Companies that select trainers based on operating experience alone do themselves and their trainees a great disservice.
Recent US Bureau of Labor Statistics (BLS) reports show that worker injury and fatality rates are at all time lows. Whenever the numbers show that fewer people are getting injured and killed, it is good news, but let's not give ourselves a pat on the back just yet. First, we need to stand back and look at the big picture to see if we can identify why the numbers are down; then we need to ask ourselves how we can keep them down.
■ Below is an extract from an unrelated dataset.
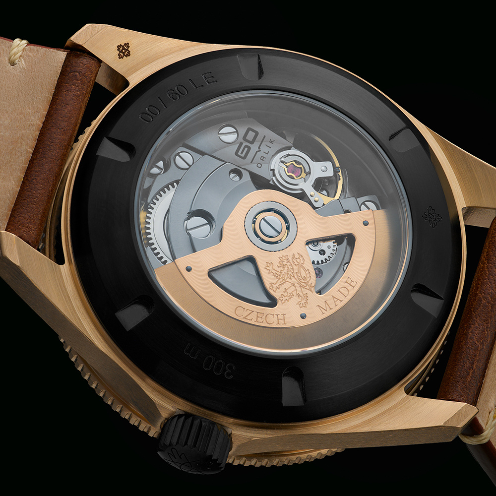Život dává tomuto modelu inhouse strojek PRIM kalibr 95.00 s automatickým nátahem. S 22 ložiskovými kameny vykoná 21 600 kyvů za hodinu (3Hz). Rezerva chodu je min. 48 hodin. Přes průhledné víko je vidět dekorování českým lvem a výroční symbolikou Orlíku s číslicí 60.

So, why are the numbers down? The struggling economy has led to a reduction in work and more people out of a job. In turn, less work being done by fewer people means fewer work-related incidents, causing fatality rates to dip. So, it's obvious why worker fatalities are down. However, in relation to the second question, how can we keep them down, the answer is not as obvious. Or is it?
Some economic indicators suggest a dim light now glimmers at the end of the recession tunnel, and people are beginning to trickle back to work. As this occurs, it follows that company safety budgets and training activity will begin to return to pre-recession levels. How quickly this happens depends on which industry sectors recover the fastest and how far safety has been allowed to slip during the economic turbulence. The recovery time of many safety programs is also subject to the unfortunate fact that, in many cases, the first victim claimed by economic strife - and the last to be reclaimed when the scales tip back again - is safety.
Avoiding clashes with regulatory authorities may also affect how quickly safety returns to the forefront. The US Occupational Safety and Health Administration (OSHA) and several provincial regulatory agencies in Canada have made it clear with announcements and demonstrations of aggressive enforcement policies that their tolerance level of regulatory contravention is extremely low.
In any case, the factors driving the economic and industrial recovery are both numerous and diverse. However, the factors that support the rationale behind maintaining a vibrant and effective safety culture, which, of course, includes safety training, are pretty much the same as they have always been. Danger does not ease up or take a break for any reason, and neither should training. The numbers are all well and good, but in the end, they are just numbers.
If your company has let safety slide, citing economic factors as the reason, remind the powers-that-be that maintaining a meaningful safety program is an excellent way to enhance the company's financial performance by eliminating many of the costly consequences, like product and equipment damage as well as bloated insurance premiums, often associated with worker injuries.
Regardless of how many employees work at your company, remember that lack of training or improper training are still the leading causes of workplace injuries and fatalities. More importantly, keep in mind that even with a depleted workforce, it is still just as painful to have to inform someone's family that a loved one will not be returning.